History, and more specifically the loss of (and recovery of) history, also emerges as a key theme. “A Mastery of German” by Marian Denise Moore is a near-future hard-science story whose protagonist is an American project manager tasked with evaluating (and possibly cancelling) a project meant to enable the transfer of human memory for profit; at the same time, we have the counter-narrative of the protagonist’s father attempting to trace the family history, thwarted by the invisibility of Black, enslaved and working-class people. The end result explores the meaning of individual and social memory not just in the USA, but any postcolonial country. “Emily,” also by Marian Denise Moore, is the shortest piece in the book, a poem starting with a historical advertisement for the return of an escaped enslaved girl and imagining different parallel futures for her, picking up on the theme of lost history in Moore’s earlier piece for the volume. “Thresher of Men” by Michael Boatman is a deeply satisfying revenge narrative: as a goddess takes vengeance on the White residents of an American town for past atrocities, we see the hidden history of the seemingly idyllic community emerge, beginning with a recent police shooting of a young Black man but going deeper into the past as the story unfolds, revealing the murder as one horror in a long chain of atrocities extending back decades, if not centuries.

Finally, some stories in this collection cross genres or defy classification. “Convergence In Chorus Architecture” by Dare Segun Falowo is a strange and surreal Weird fiction piece involving quests, boneships, human-arthropod fusions; the prose is beautiful and haunting and the imagery lingers. “Clanfall: Death of Kings” by Odida Nyabundi is a post-human post-apocalyptic adventure story, which reads like the setup to what could be a very interesting series, and one hopes the author develops this universe further. Finally, “Ife-Iyoku, The Tale of Imadeyunuagbon” by volume coeditor Ekpeki Oghenechovwe Donald tells the story of a society undone by its own essentialism; as the narrative twists and turns unexpectedly, so the story shifts genre, beginning as an epic heroic fantasy, before shifting into a postapocalyptic story with echoes of The Chrysalids, and shifting again into another divine revenge narrative.

Dominion is a worthy addition to volumes like Walking the Clouds and So Long Been Dreaming which serve as introductions to postcolonial and indigenous science fictions and fantasies.
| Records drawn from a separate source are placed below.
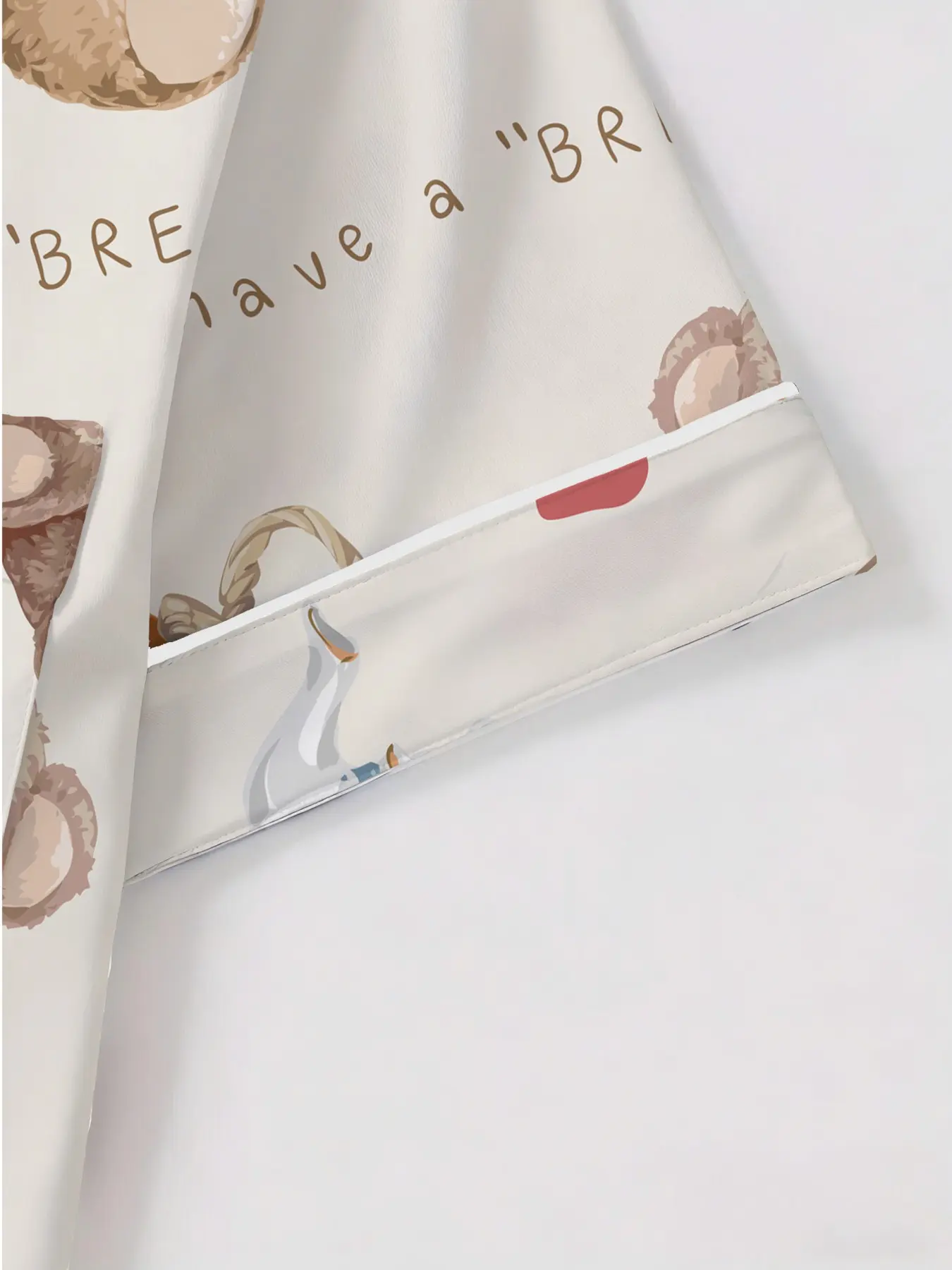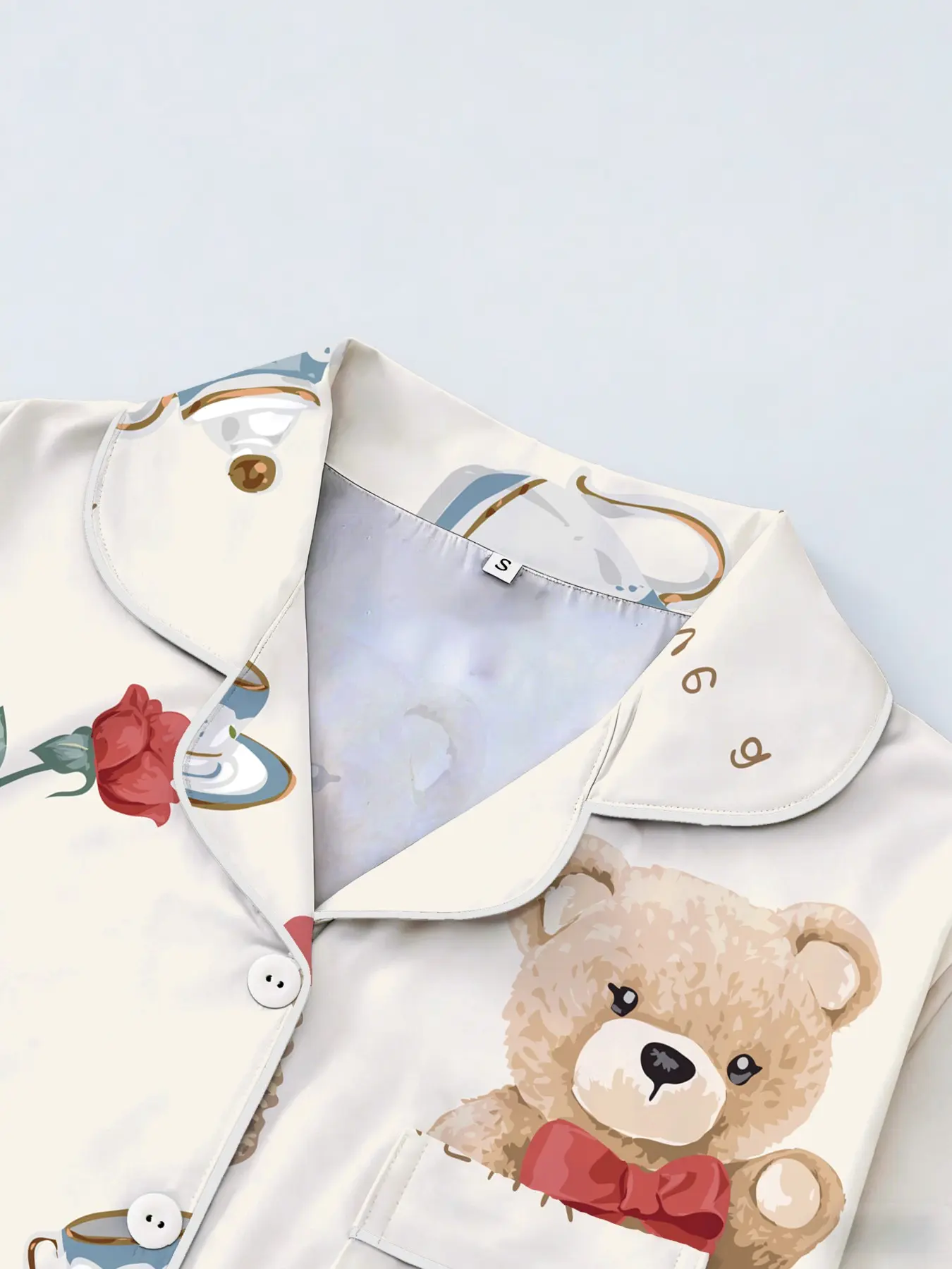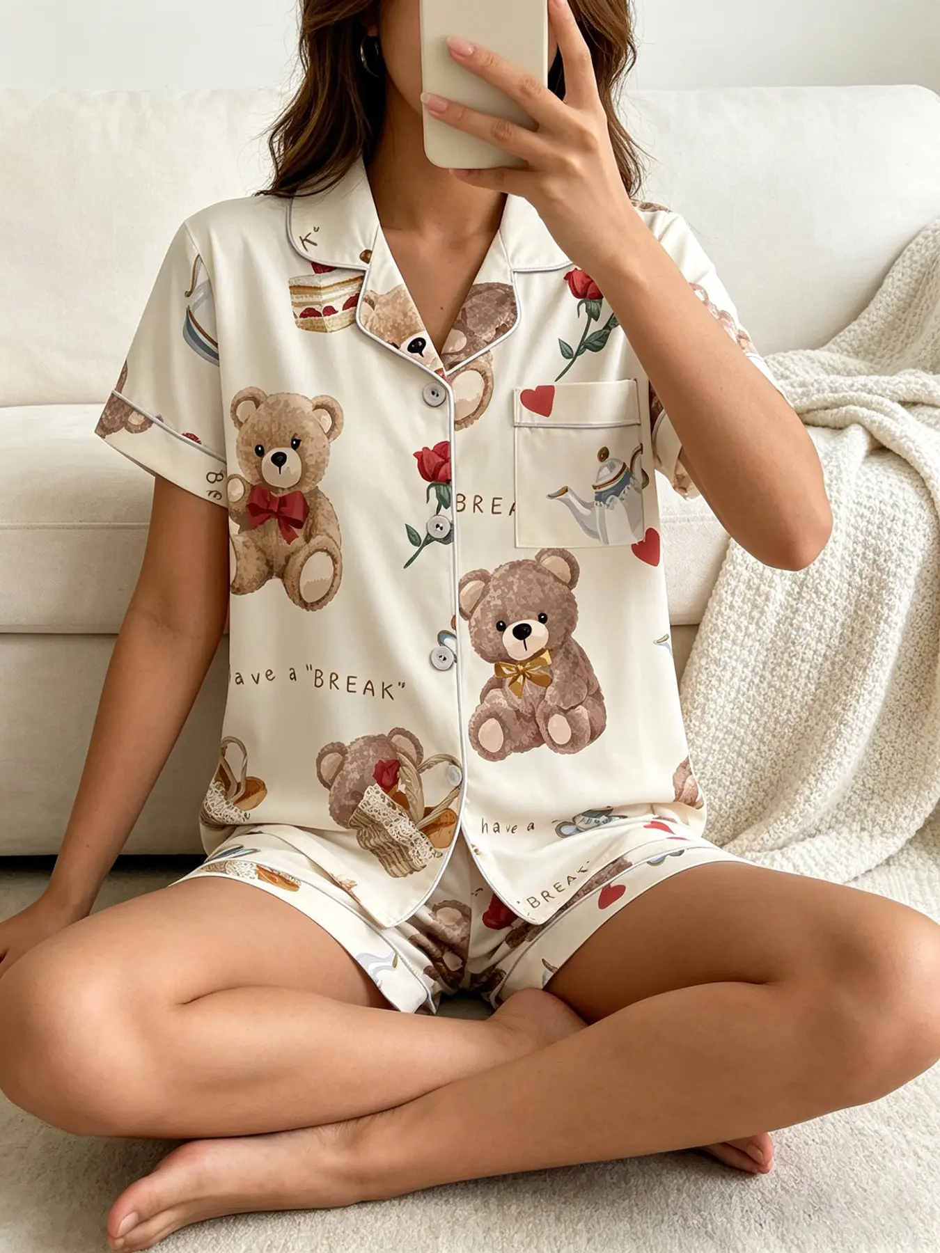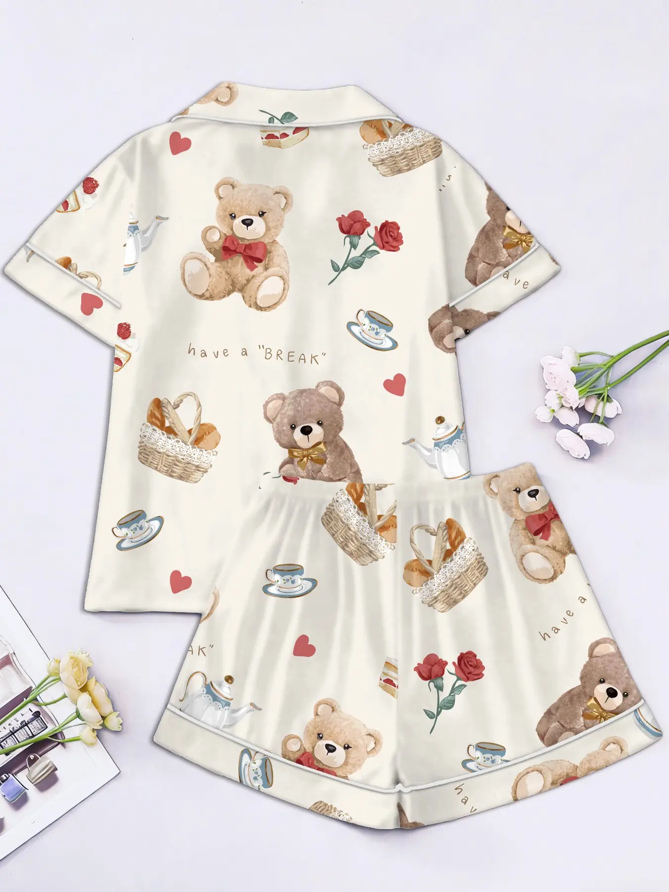 Women's Short Sleeve Button Down Top and Shorts Pajama Set, Spring Summer Wear, For French Romantic Lovers, White Base Rose Teddy Bear Print, Classic Lapel Collar, Loose Fit, Comfortable For Home & Travel
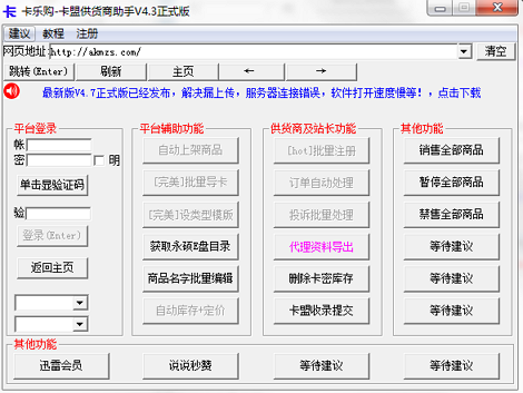卡盟供货商助手是一款绿色免费的卡密软件,是一款淘宝自动发卡密软件,有需要的朋友赶紧来下载使用吧。
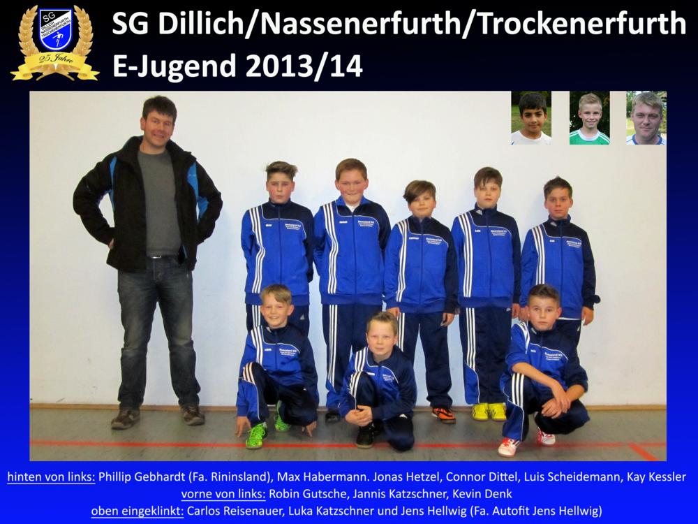 - Rechtzeitig zu Beginn der Saison 2014 präsentiert sich die E-Jugend der SG Di/Na/Tro in komplett neuen Trainingsanzügen.
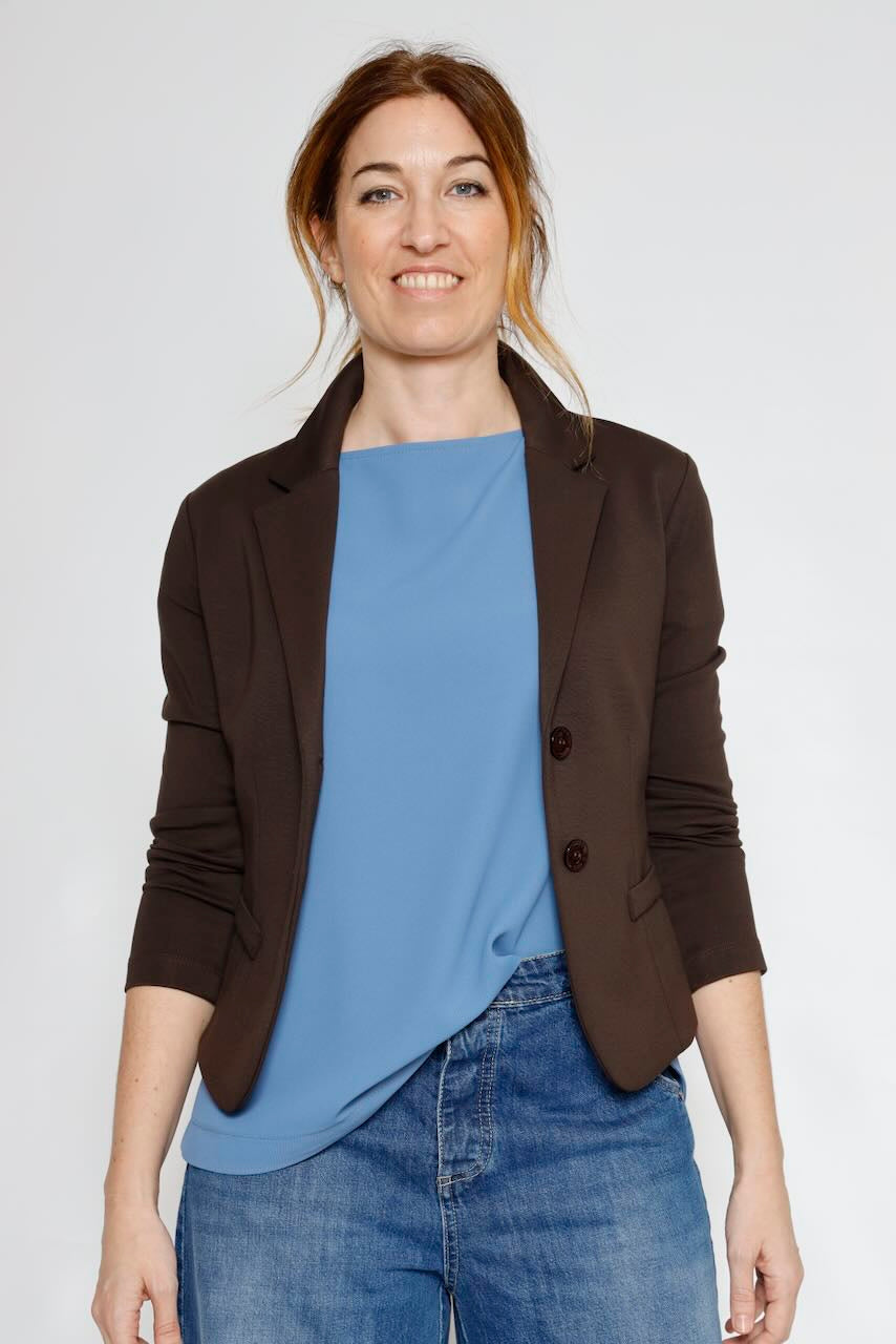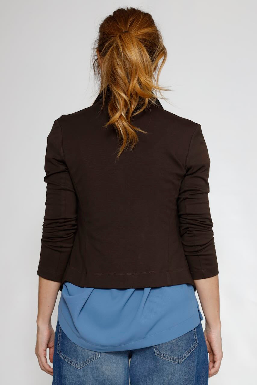 Esta americana de punto roma en color marrón es la prenda perfecta para completar tu outfit en cualquier ocasión. Con un diseño elegante y versátil, te brinda comodidad y estilo a partes iguales.
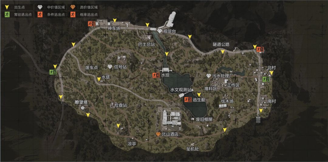 以“水坝”为中心将地图左右分为两个区域可以看出来地图下方以及右侧的危险系数是比较高的,另外“伐木场”“观景台”“信号站”这些地方也会刷新很多AI,地图地形的优势让“莫辛仔”也可以在地图中大放异彩,总体来说北山真的是处处存在着危险。
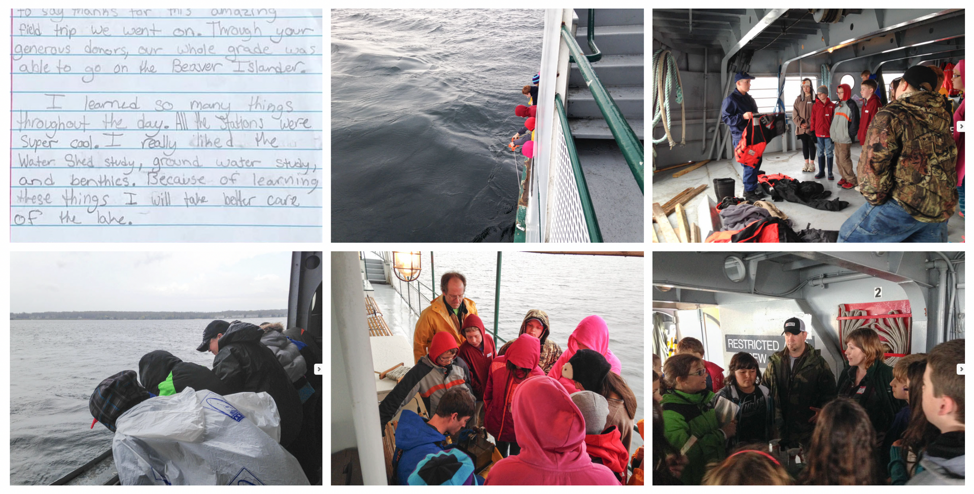 Every May the Lake Charlevoix Association and the Tip of the Mitt Watershed Council sponsor an event called Students Experience Lake Charlevoix (SELC) for approximately 300 area sixth and seventh graders. For the event, students board the Beaver Islander in Charlevoix, travel to the west bay of Lake Charlevoix and spend either a morning or an afternoon on board participating in experiments relating to water quality, watershed protection, invasive species, water safety and several other topics. The students rotate to seven different learning stations which are run by enthusiastic area volunteers. It’s a great, fun learning experience for everyone on board.
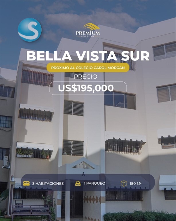 Bella Vista Sur, Av. Núñez de Cáceres, próximo al colegio Carol Morgan Torre familiar 180mts 4to nivel sin ascensor 3 habitaciones (principal con baño y W/C) 2.5 baños Sala Cocina con desayunador Comedor Cuarto de servicio con su baño Área de lavado 1 parqueo destechado Intercom Portón eléctrico …. Precio de venta; US$195,000 Mantenimiento: RD$5,000
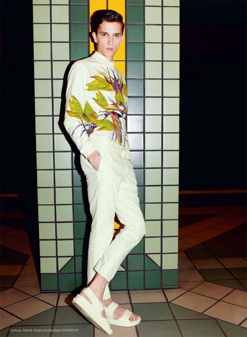 Color Me–Prints are all the rage as stylists Markus Ebner and Winnie Placzko come together for a new story in Achtung magazine. Pulling together solid looks from Givenchy, Kenzo, Versace and other notable labels, the chic pairing work alongside photographer Thomas Lohr to capture models Jakob Wiechmann and Peter Bruder. Courtesy of – thefashionisto.com

The interesting range of stories, genres and themes provides a clear guideline for people looking for new work by African and African Diaspora writers in their favourite subgenres. However, the exploration and development of themes of colonialism, history, and memory, as well as the re-interpretation of colonialist sf tropes such as vampires and AI through African and/or Afrofuturist lenses, means that the volume also contributes to the ongoing dialogue on decolonising science fiction.